00:39:42 and even if not ideas I get directly from them. It just makes my brain work differently. So make sure you always are scanning your environment and looking at both macro trends which you get from conferences and micro inputs. Would you get from your peers, filter the input, make it work for you, but make sure those inputs are always there. So those are my 10 lessons.

00:40:09 If anybody's wondering what I'm up to now that I'm down a coworking space, like I said, it's probably not forever. I will likely do a space, it may not be in the Bay area. We'll see where life takes me and how real estate prices work out. I would love to own a building. I have lots of coworking startup school students who own their buildings and create a coworking space that serves the community.
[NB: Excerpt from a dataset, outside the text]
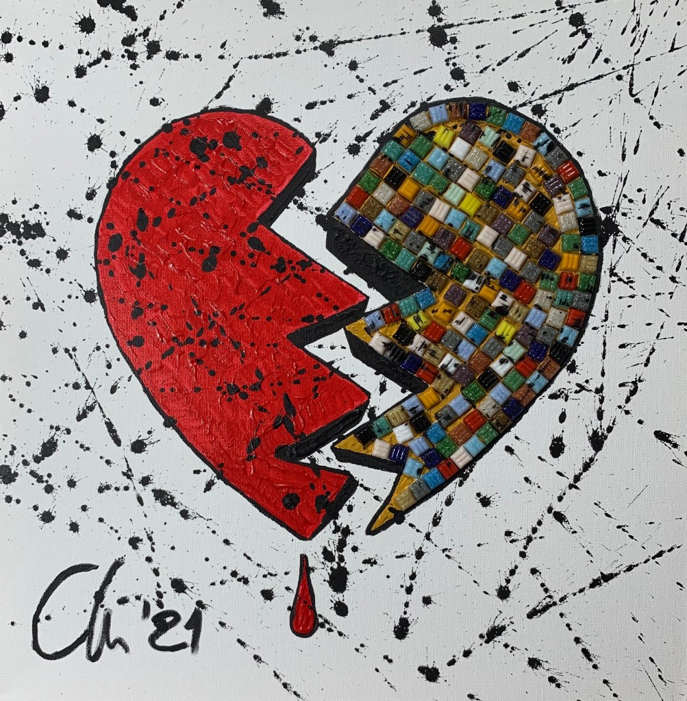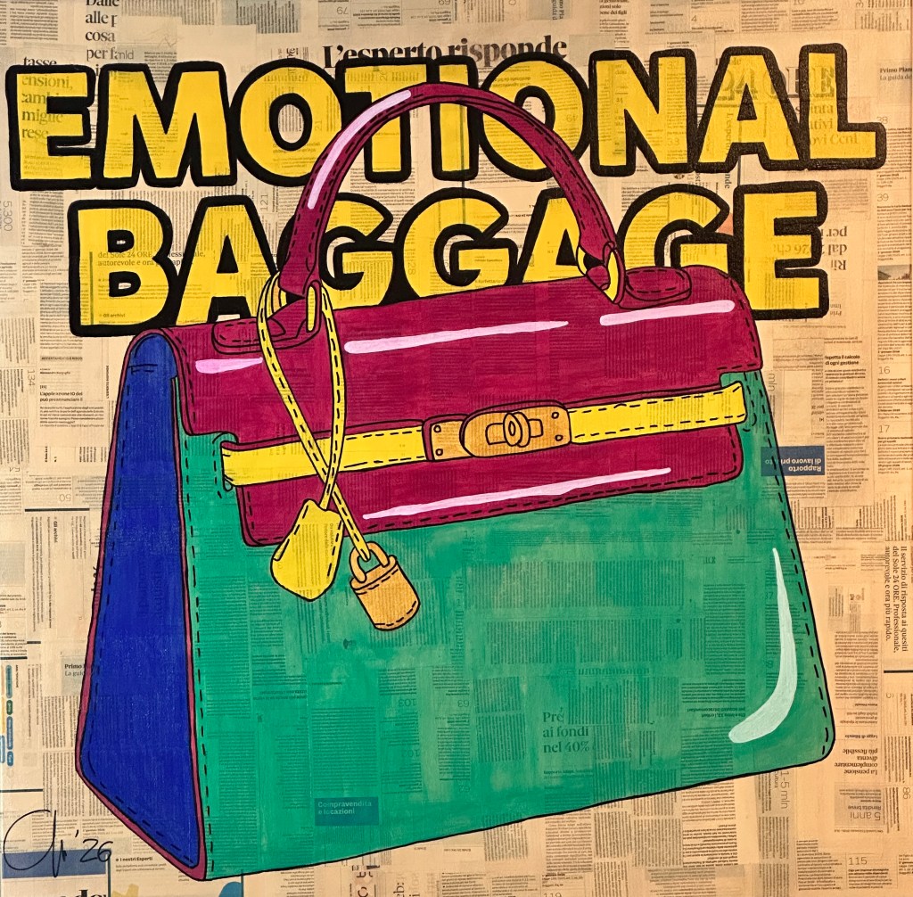 HANDLE WITH CARE 100×100 tecnica mista carta su tela/acrilico

00:40:32 I feel like I relate really well to that approach. So I would love for that to happen at some point. But as I said, great things come with focus and that has been a challenge for me over the past few years. I am an entrepreneur and I love to serve and I'm always taking on more than I and my, you know, small team that can manage at any one time.

00:40:57 So I am looking forward to the opportunity to serve my people a little bit better. So, um, my coworking startup school students, my flight group members, my community manager, university students, my superpower, like I said at the beginning, is really kind of translating what's happening in the world into frameworks to help people run their business, to first create a business that they love to run and that's profitable and then to learn and grow and connect from that.

00:41:27 So I appreciate the fact that I've had eight years of practical experience and now it's my, my opportunity to sort of scale that experience is to give to the coworking industry and, you know, get more people through the startup school and get more people into the community manager university to connect and leverage those resources. So I'm really passionate about spending some more time serving you in that capacity.